Turing Pharmaceuticals chief executive Martin Shkreli found himself in the middle of a media firestorm last month as he adamantly defended his company’s 4,000 percent drug price hike as “altruistic.”
Daraprim, which treats a life-threatening infection in patients with HIV/AIDS and other immune problems, was increased to $750 a pill, a move resoundingly decried, even by presidential candidates.
Now, another company will offer a Daraprim alternative, at just $1 a pill.
It’s not an exact replica of Daraprim. San Diego-based Imprimis Pharmaceuticals announced Thursday that it is selling pills containing a “customizable compounded formulation” of pyrimethamine and leucovorin, both ingredients in Daraprim.
Imprimis chief executive Mark Baum specifically referenced the price hike by Turing, saying the company has a right to charge patients “whatever it believes is appropriate.”
“It is indisputable that generic drug prices have soared recently,” Baum said in a statement. “While we have seen an increase in costs associated with regulatory compliance, recent generic drug price increases have made us concerned and caused us to take positive action to address an opportunity to help a needy patient population.”
Daraprim has been on the market for 62 years; Turing purchased the rights to the drug in August.
Shkreli had defended the price increase, arguing that it wasn’t just good for business; he said profits would be used for researching new treatments, which ultimately would benefit patients.
Turing Pharmaceuticals had previously explained in a statement that “there have been no significant advances or research into this disease area in decades.”
“For toxoplasmosis and other critical, under-treated diseases, the status quo is not an option,” the company said in a statement. “Turing hopes to change that by targeting investments that both improve on the current formulation and seek to develop new therapeutics with better clinical profiles that we hope will help eradicate the disease.”
Shkreli had also promised the price would be lowered; it hasn’t, according to The Associated Press, which noted that company said it would cap patient co-payments at $10.
The Food and Drug Administration doesn’t approve compounded drugs, such as this one offered by Imprimis.

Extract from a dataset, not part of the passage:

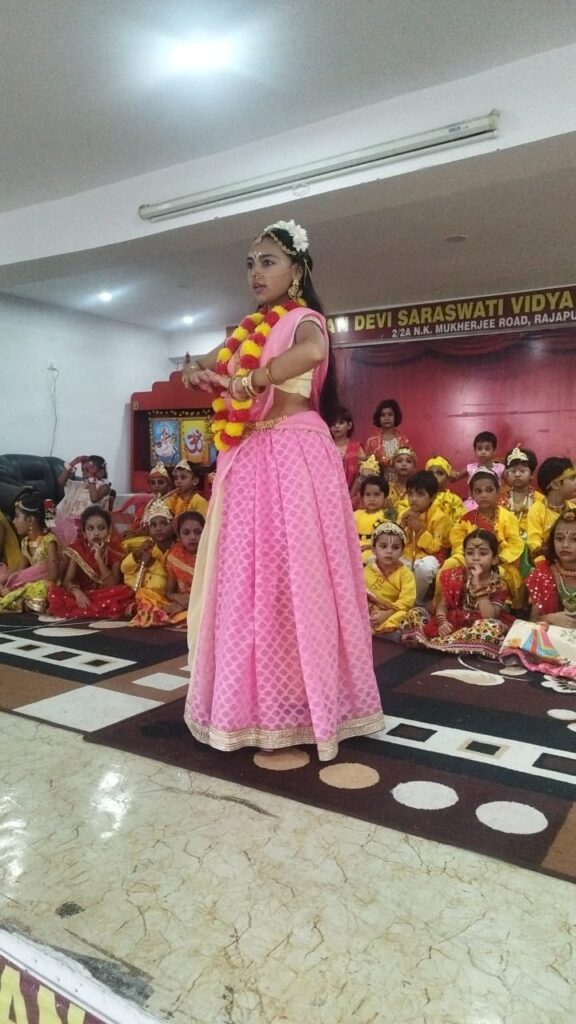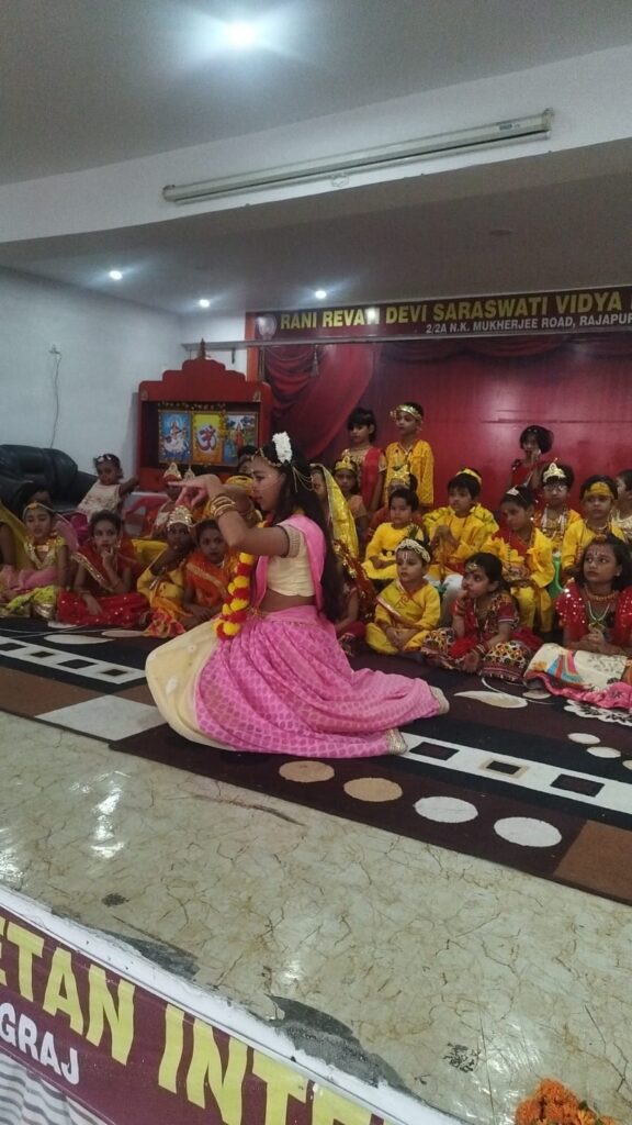 इस अवसर पर संगीताचार्य मनोज गुप्ता के निर्देशन में प्रियांशी श्रीवास्तव ने “ओ कान्हा अब तो मुरली की मधुर सुना दे तान” एवं विप्रा केसरवानी ने भगवान श्री कृष्ण के प्रसंग पर आधारित भावपूर्ण नृत्य कत्थक शैली में तथा श्री कृष्ण और राधा जी की वेशभूषा में सजे नन्हे मुन्ने भैया बहनों ने भी कई आकर्षक नृत्य प्रस्तुत करके सबको मंत्रमुग्ध कर दिया l तबले पर शांतनु पाण्डेय ने बहुत ही सुंदर साथ दिया l

Typically, compounded drugs are prescribed to patients who can’t take FDA-approved drugs, such as for those who are allergic to an inactive ingredient.
Compounded drugs are no stranger to controversy; a compounding pharmacy was at the heart of a deadly meningitis outbreak in 2012 that killed 64 people and sickened more than 600. Federal legislators subsequently tightened regulations over such companies.
And compounded drugs can be very pricey, too. But it appears the Daraprim alternative compound was not born out of a physical inability to use Daraprim, but a financial one.